ALLEGHENY POWER SERVICE CORPORATION
By /s/ X. X. Xxxx
President
Attest:
/s/ Xxxxxx X. Xxxx
Secretary
Allegheny Energy Solutions, Inc.
By /s/ Xxxx X. Xxxx
President
Attest:
/s/ Xxxxxx X. Xxxx
Secretary
Exhibit I
Allegheny Power Service Corporation Principal Functions
In accordance with the terms and conditions of the
Service Agreement dated September 3, 1997, Allegheny Power
Service Corporation shall perform for AES the following services
as requested:
1.Provide technical support as needed to offer power
marketing services and to manage AES's interest in
Fort Xxxxxx Unit No. 1.
2.Planning and implementation of financial programs
to raise the funds required for AES, including
handling arrangements for bank borrowings and sales
of securities and relationships with investors and
analysts.
3.Counsel on corporate, legal and regulatory matters
and on important contractual relationships.
4.Provide general and administrative services
including, but not limited to, the following:
a) Purchasing.
b) Customer billing and accounting.
c) Information services, including computer
applications and programming and electronic
data processing.
d) Preparation of consolidated financial statements
and cost, statistical, and financial data, as required.
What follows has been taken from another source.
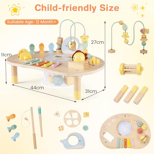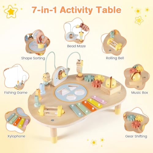 COSTWAY Activity Table for 1+ Year Old, 7-in-1 Wooden Montessori Toy Busy Board with Bead Maze, Fishing Game, Xylophone, Music Box, Shape Sorter, Toddler Sensory Learning Table for Boys Girls
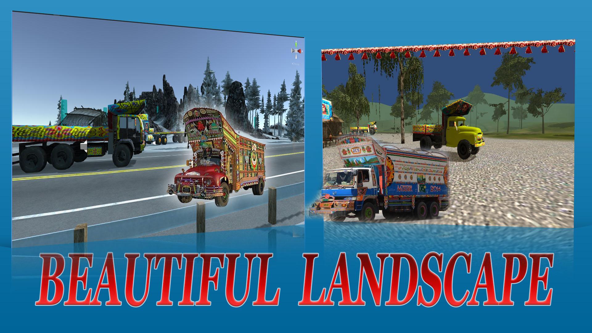 Pak Transport Truck Driver Duty game is made for truck transporters' fans. PK Transport Truck Driver Duty game lets you become a real Pakistani truck driver as you have to achieve your goal. This truck racing game is most awaited truck simulation with playback hit local Pakistani songs and local art decoration of the truck. You will face extreme hill roads, jumps, mountains, deserts and jungles while truck driving experience which is really exciting. To achieve your objective, transport different logs carefully. It will be best truck transporter experience for you by crossing highways, mountain adventure, desert, offroad truck drive and forest truck driving. You will enjoy like a real Pakistani Truck Driver to drive big trailer and Bedford trucks. As per your mission, you will travel Kashmir to Karachi through different northern areas, crossing river bridges, motor way, GT road with excellent background music in this hill climb truck drive. PK Transport Truck Driver Duty game is made to show you a real life of a Pakistani transport Truck Driver who drives different trucks in different routes of Pakistan, so you play truck transporter game to deliver cargo and keep eye on the suspects!!! You will be assigned tasks in all provinces of Pakistan, Punjab, Sindh, Khyber, Blochistan and Kashmir to deliver logs through heavy trucks from one region to other. If you are looking truck simulations games, truck cargo drive, wood cargo truck drive, PK truck driver, truck parking, pak truck driving, truck racing game then paki transport truck 3d game is for you. Enjoy best heavy truck race experience having multiple features, functions and controls. Become a true paki truck driver, install this truck simulation exciting game and done your job at time. You cargos include; dairy milk transport, zoo animals transport, tractors transport, cars transport, steel pipes and wood transport. Park truck successfully in the truck parking area in each level to unlock beautiful portray painting trucks by using truck driving skills which shows Pakistani culture and design. Accept the challenge and must try this long truck driver game.

e) Assistance with respect to certain personnel matters,
including, but not limited to, employee benefit matters.
f) Preparation and filing of consolidated income tax
returns and following developments in federal and state
taxation regulations.
g) Administration of insurance.
h) Internal auditing.
i) Corporate security.
5. Certain other services in addition to the above as
Allegheny Power Service
Corporation may be able to provide and/or AES may require or request.